Generation of mutant zebrafish with CRISPR/Cas9 genome editing

Mutant fish strains were generated by a customized CRISPR/Cas9-based targeted genome editing system (H.S.J., T.W. and S.L.J., in preparation). All gRNAs targeting the fosl1a gene were scored by the formula (Score = 60 × [proportion GC content] + 10 × [proportion transcripts targeted] − 30 × [relative position in gene] + 2[if position 20 is G] − 3[if position 20 is A]) and ranked by this score as well as the number of predicted off target effects. The top four gRNAs were selected, and their sequences were cloned downstream of each of the four U6 promoters on the pT2-U6chr21-gRNAscaffold vector via Gibson assembly (NEB, E2611S). The modified vector was transformed into TOP10 competent cells (Thermo Fisher, C404010) and extracted by using a Hi-Speed Mini Plasmid Kit (IBI, IB47102). Wildtype AB zebrafish embryos were injected with a 1 nL mixture containing the modified vector (90 ng/μL) and the Tol2 transposase mRNA (30 ng/μL) at one-cell stage. The GFP-positive F1 from the crossing with Tg(hsp70:zCas9; mylz:CFP) were collected at 1 day post fertilization and heat shocked at 37 °C for half an hour to induce genome editing. Heterozygous F2 zebrafish founders were generated by outcrossing mosaic F1 mutants with wildtypes and individual genotyping on the gRNA target site. Heterozygous F2 mutant founders carrying the same fosl1a mutant allele were inter-crossed to generate homozygous mutant zebrafish for regenerative morphometric measurements.

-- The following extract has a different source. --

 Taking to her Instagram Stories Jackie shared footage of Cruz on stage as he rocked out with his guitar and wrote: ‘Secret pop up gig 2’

Measurement of fin regenerate lengths

For each batch of mutant and wildtype littermates from one pair of heterozygous parents (fosl1a+/−), the caudal fins were amputated halfway along the proximal-distal axis. Their regeneration processes were photographed daily up to 5 dpa. The lengths of the new regenerates were measured with ImageJ (NIH), from the cutting plane to the front end. The fourth fin ray counting from the ventral side was used for consistency. The measurements were taken from distinct samples, and the exact sample size for each group is indicated in the figures.

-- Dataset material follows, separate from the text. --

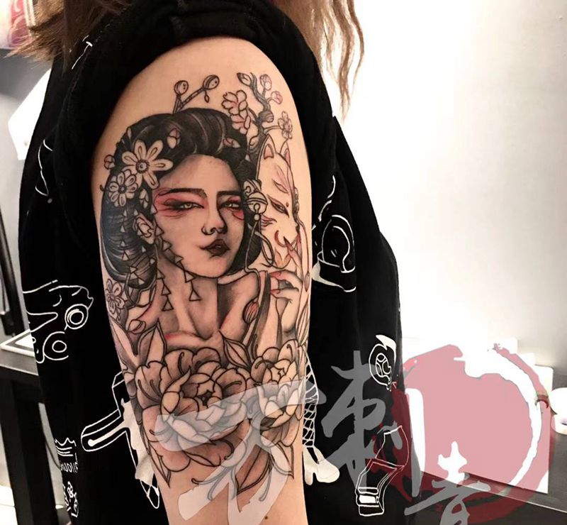 艺伎纹身图片_手臂新传统艺伎纹身图案

Quantitative reverse transcription (qRT)-PCR

The primers for qRT-PCR were designed targeting regions spanning multiple exons per each gene (Additional file 2: Table S4). First-strand cDNA was synthesized from 1 μg of total RNA by using ProtoScript II Reverse Transcriptase (NEB, M0368) according to the manufacturer’s instructions. A standard qRT-PCR on the cDNA corresponding to 25 ng of total RNA was performed using PerfeCTa SYBR Green SuperMix (Quantabio, 95054) and Bio-Rad CFX96 machine. The gene expression levels were normalized using actb2 gene expression level as an internal control.

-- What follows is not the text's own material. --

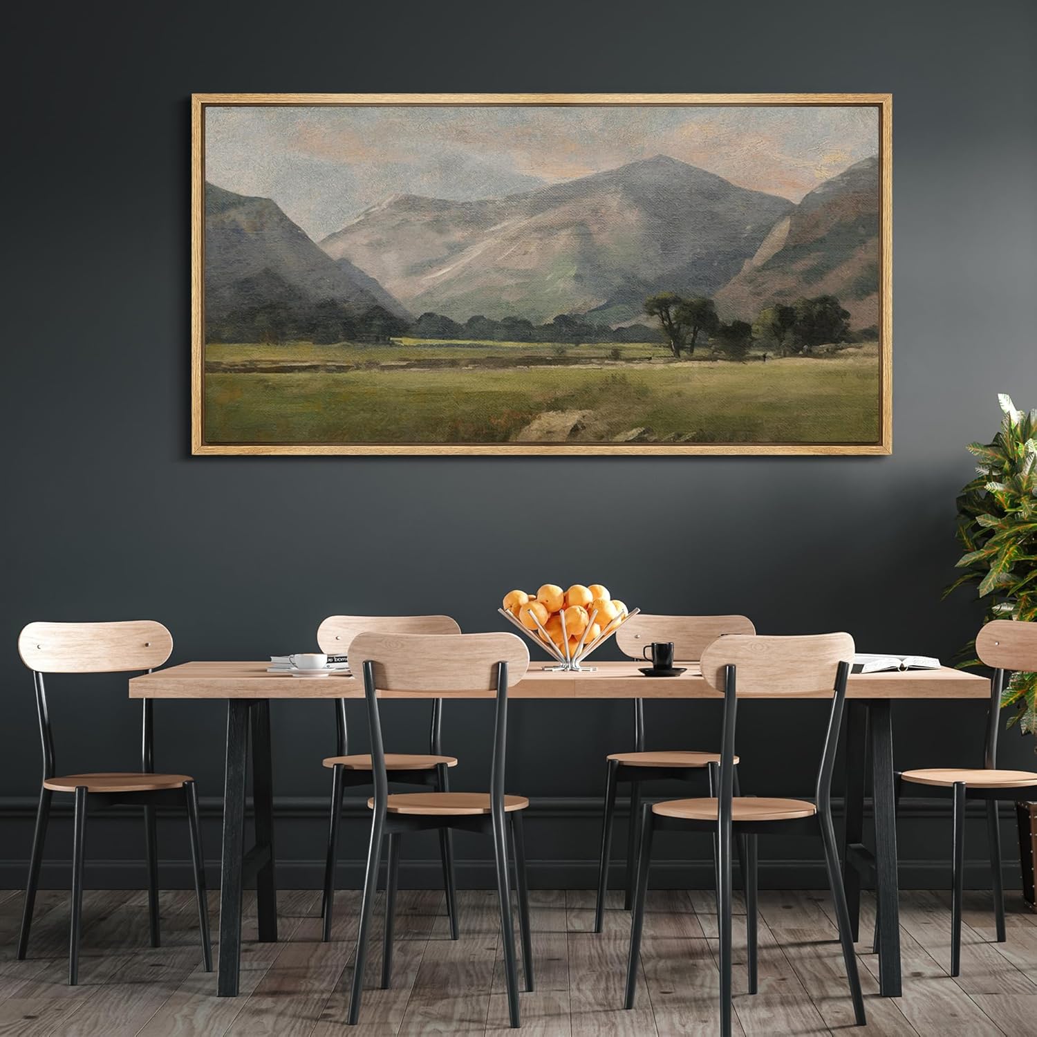 MUDECOR Extra Large Framed Canvas Print Wall Art Pastoral Beauty Classic Mountainous Landscape Illustrations Antique Retro Fine Art Illustrations Decorative Colorful for Bedroom - 60"x30"

All the statistical tests were performed by using R program version 3.4.3. A two-sided Mann–Whitney U test was used to test statistical differences of fin regenerate lengths between mutant and wildtype zebrafish, by using the wilcox.test function. The two-sided Wilcoxon signed-rank test was used to test statistical differences of gene expression changes in regenerates between mutant and wildtype zebrafish, by using the wilcox.test function with the parameter: paired = T. Sample sizes and p values are indicated in the figures or figure legends.